Huawei UK spokesman Brewster said he regrets that the company's future in the UK "has become politicized".

"This is about US trade policy and not security," Brewster said. "Instead of levelling up the government is leveling down and we urge them to reconsider. We remain confident that the new US restrictions would not have affected the resilience or security of the products we supply to the UK."

Following the announcement of the ban, Assembly Research founder Matthew Howett, who oversaw an influential 2019 review of the potential impact of a Huawei boycott, wrote on Twitter: "I hope we at least get that US trade deal".

In Parliament on Tuesday, Dowden spoke on the Huawei ban "in the context of the United Kingdom's wider relationship with China".

"This government is clear eyed about China," he said. "What we want is a modern and mature relationship with China, based on mutual respect where we are able to speak frankly when we disagree, but also to work side by side with China on the issues where our interests converge."

24 469
gork

The poodle state has now admitted that the Great Satan pressure contributed to the ban. The alternatives of Ericsson and Nokia use Huawei technology anyway. But the bigotry is blatant.

Even western commentators have noted there is zero evidence and the last time the Great Satan blocked Huawei and ZTE, they admitted they only had suspicions. Then they extorted cash out of ZTE after they reneged on the JCPOA.

In protest, I've bought a Huawei smartphone and it's very good. You can imagine cave men fighting over it even though they wouldn't know what it was; it's THAT beautiful. You would never imagine the Great Satan or poodle manufacturing such a high quality product. Luckily the EMUI overlay seems to eradicate all the bugs in Android. I really wanted a Hongmeng o/s but the ban by Google seems to be fake and only Android is being offered.

Instead they make Boeing 737 MAX flying turds, Tesla self-crashing, self-immolating death pods and bug-ridden and REALLY crude Microkrap Windows.

We know the poodle state couldn't give a Victoria Nuland about Hong Kong Chinese or Uighurs. It commits a war crime by selling arms to Saudi Arabia where two committees of their own goons & thugs claim there is "overwhelming" evidence of war crimes. They admitted only 120 unaccompanied minors from the war in Syria, which they started, into the land that they thieved and that's over ten years. They issued fake passports which were really just 6 month visas. Yet they now claim they'll accept 3m Hong Kong violent protesters.


wchao37

"In Parliament on Tuesday, Dowden spoke on the Huawei ban "in the context of the United Kingdom's wider relationship with China".
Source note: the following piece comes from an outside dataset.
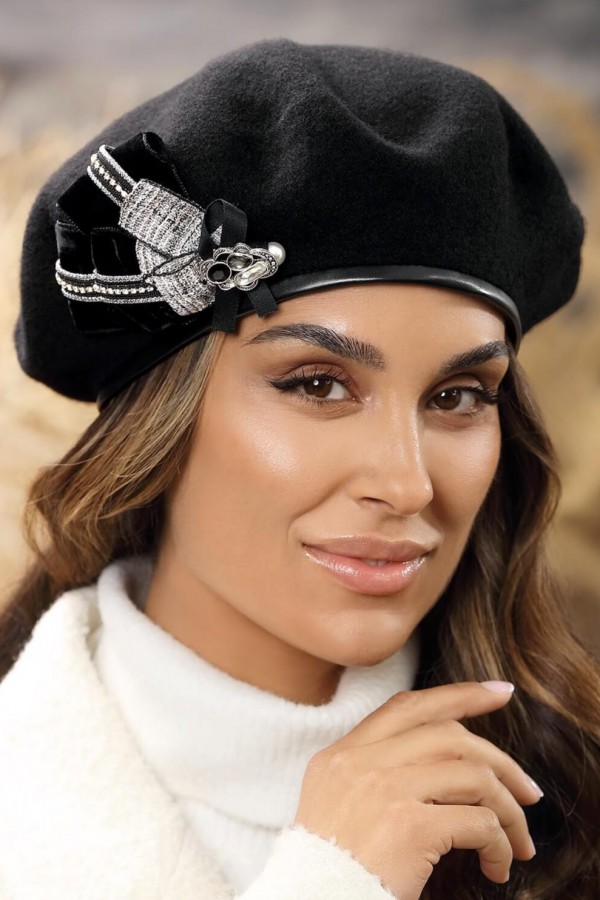 Caciula de dama tip bereta eleganta WL11459 reprezinta un accesoriu vestimentar cu adevarat deosebit, care aduce un plus de rafinament si romantism oricarei tinute. Se distinge prin designul elegant, imbogatit de croiul tip bereta, care scoate in evidenta frumusetea. Accesorizarea sofisticata este data de funditele stilizate, care sunt amplificate de strasuri, cristale, perle si brosa, adaugand un aer rafinament. Marginea este finisata cu piele ecologica, ascunzand un snur ce permite o ajustare usoara, asigurand astfel o potrivire perfecta.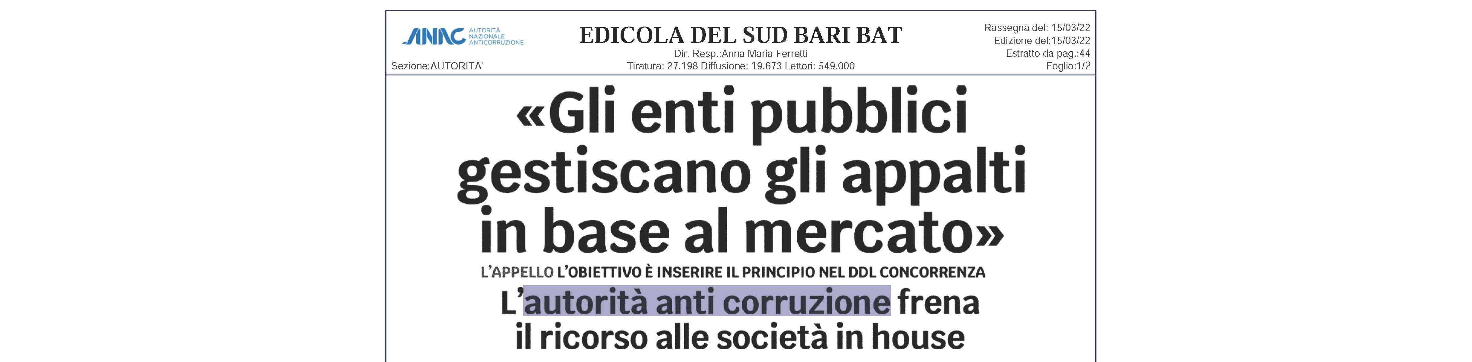Il quotidiano pugliese Edicola del Sud dedica un ampio approfondimento all’intervento del Presidente Anac, Giuseppe Busia, sul Ddl Concorrenza in discussione in Senato. "Gli enti pubblici gestiscano gli appalti in base al mercato".

"This government is clear eyed about China," he said. "What we want is a modern and mature relationship with China, based on mutual respect where we are able to speak frankly when we disagree, but also to work side by side with China on the issues where our interests converge."

Well, if Dowden could speak on the ban with such a pretentious plea, then we can also act accordingly by holding off further co-operative ventures in the larger context of building any projects that would modernize the UK's infrastructure.  If they want to do it later, it will be at many many times the cost of doing it now. 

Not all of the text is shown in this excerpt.